Jon Bon Jovi might be Livin’ on a Prayer, but the residents of Toms River, New Jersey, are apparently just trying to live without dodging a swarm of out-of-town homeless people every time they walk into the public library. According to Republican Mayor Dan Rodrick, the rock star-turned-social-justice-chef has managed to turn a local library into what he calls “ground zero for homelessness”—a distinction no town is exactly angling for on TripAdvisor.
Let’s be clear: helping the homeless is a noble cause. But turning public spaces into makeshift social experiments under the guise of “philanthropy,” without so much as a local conversation, is about as tone-deaf as Bon Jovi dropping a new single and expecting people to care.

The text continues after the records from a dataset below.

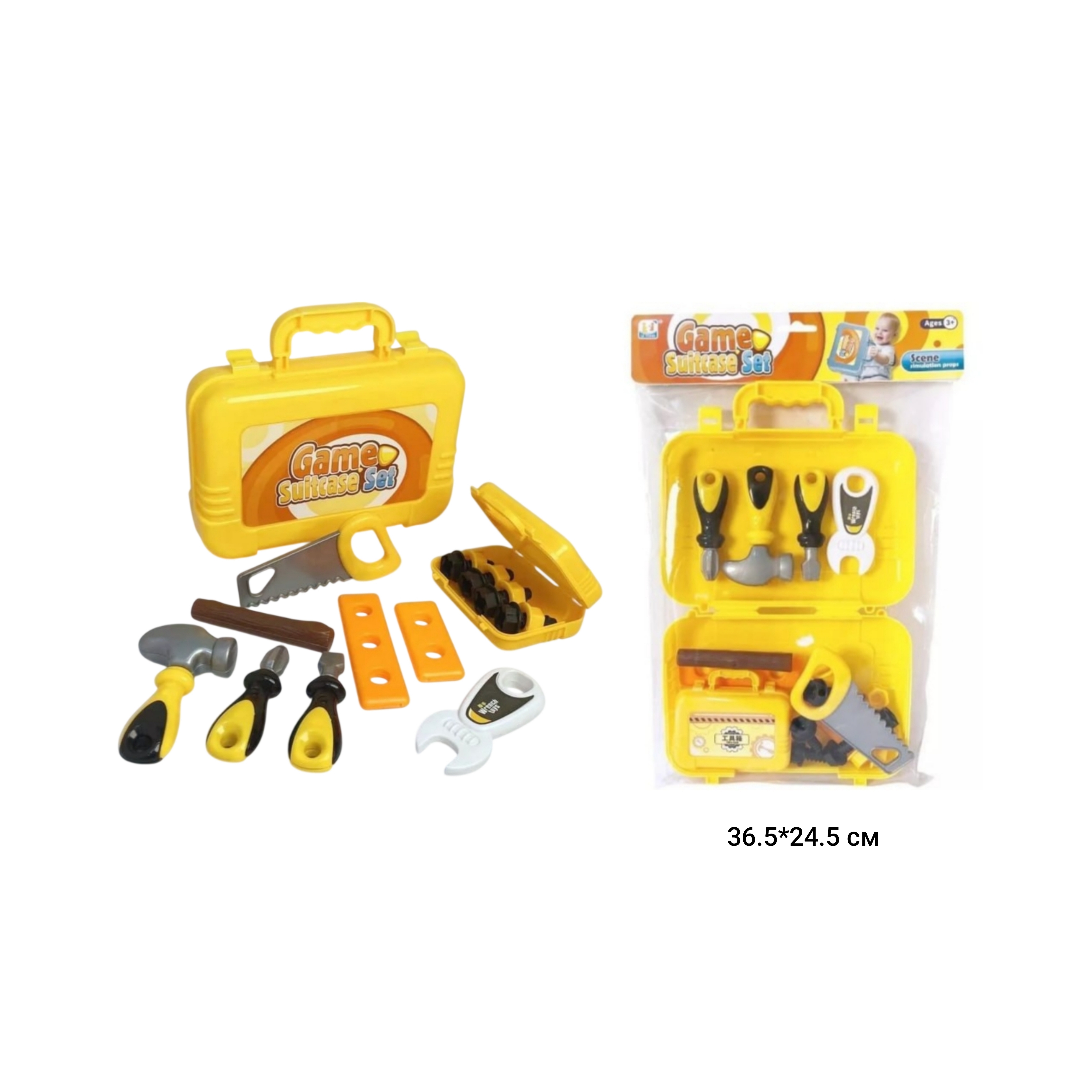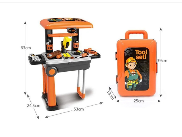 Набор представляет собой рабочее место настоящего слесаря, тут есть все необходимые инструменты и удобные полочки: отвертка, пила болгарка, пила ручная, гайки, шурупы, крепежные элементы, молоток, гаечный ключ. Весь набор компактно складнывается в удобный чемодан с выдвжной ручкой и на колесиках, поэтому "рабочее место" можно взять с собой куда угодно и мастерить при каждом удобном случае.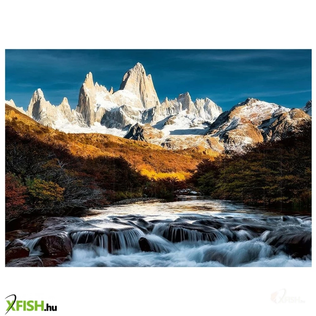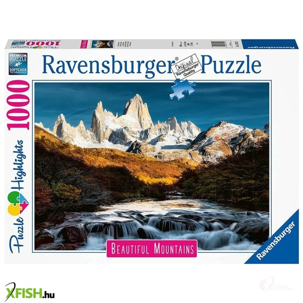 A Ravensburger 1000 db-os - Beautiful Mountains - Fitz Roy, Patagonia című képen az Argentína és Chile közt húzódó hegy és a világ legnehezebben megmászható hegycsúcsa látható. Eredeti - őslakosok által ismert - neve Cerro Chaltén, mely \Füstölgő hegy\-et jelent, és a hegycsúcsot általában körülvevő felhők miatt kapta.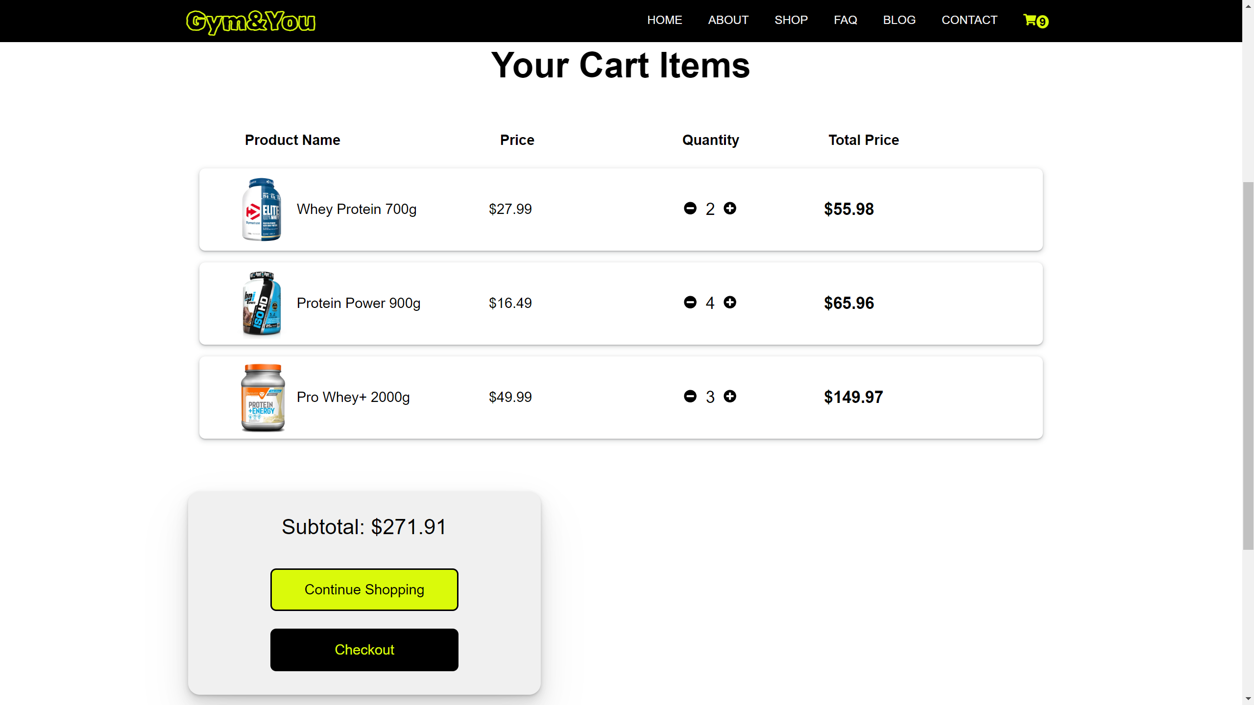 - Website contains few subpages: About, Shop, FAQ, Blog, Contact and Cart.

Rodrick didn’t mince words when he said this pop-up location of the JBJ Soul Kitchen, operating right out of the Ocean County Library, is bringing in more problems than it’s solving—starting with the fact that many of the homeless individuals showing up aren’t even from the area. Some aren’t even from the state.
Now here’s the kicker: this isn’t your run-of-the-mill soup kitchen. JBJ Soul Kitchen serves three-course meals, offers patrons the ability to “pay it forward,” and gives people the chance to volunteer in exchange for food. Sounds charming in theory. In practice? It’s become a magnet for nonprofits to bus in homeless individuals from around the region—because nothing says “community service” like exploiting a feel-good project to cash in on per-head reimbursements from the state. According to Rodrick, these so-called advocacy groups are raking in millions while turning a suburban town’s library into an unofficial drop-off point.
Rodrick, who says the issue exploded when the county opened a warming center nearby, describes daily scenes of intoxicated or mentally ill individuals congregating outside the library, where kids and families are just trying to, you know, check out Charlotte’s Web without stepping over someone passed out on the sidewalk. You can practically hear the common sense leaving the room every time a bureaucrat approves one of these feel-good-but-failed policies.
Jon Bon Jovi’s soup kitchen is causing more issues than it’s solving, in the opinion of Toms River Mayor Daniel Rodrick.
Rodrick spoke with Fox News Digital via phone, explaining that the New Jersey city has a homelessness problem that is being exacerbated by Bon Jovi and other… pic.twitter.com/5RPCt4CyJn
— Wake Up NJ New Jersey (@wakeupnj) April 9, 2025
Even more frustrating? Toms River doesn’t even have a licensed shelter of its own, and when a modest 17-bed facility was proposed last year, residents shot it down. That should’ve been a signal that the town isn’t equipped to be a social services hub. But instead of listening, nonprofits, encouraged by celebrity back-patting, started flooding the zone with people the town can’t possibly support.
Bon Jovi and his wife Dorothea responded with a polished PR statement, emphasizing their mission to “end homelessness through real solutions.” But those solutions apparently don’t include respecting local governance or acknowledging when a community says, “Hey, maybe we’re not the best location for your experimental restaurant.” Their foundation might’ve built housing elsewhere, but in Toms River, it looks a lot more like they’re building headlines.
It’s the same pattern we’ve seen over and over with progressive celebrity activism: noble intentions with zero real-world accountability. They come in, throw around some money, slap a halo on their brand, and leave the mess for local officials and residents to clean up. Meanwhile, people like Mayor Rodrick are left trying to balance compassion with public safety—and getting vilified in the process for daring to say the quiet part out loud.
This isn’t about demonizing the homeless or being heartless—it’s about priorities, boundaries, and common sense. You don’t solve homelessness by turning libraries into drop-in centers and hoping good vibes will fill in the gaps. And you definitely don’t fix systemic issues with one pop-up kitchen and a publicist on speed dial.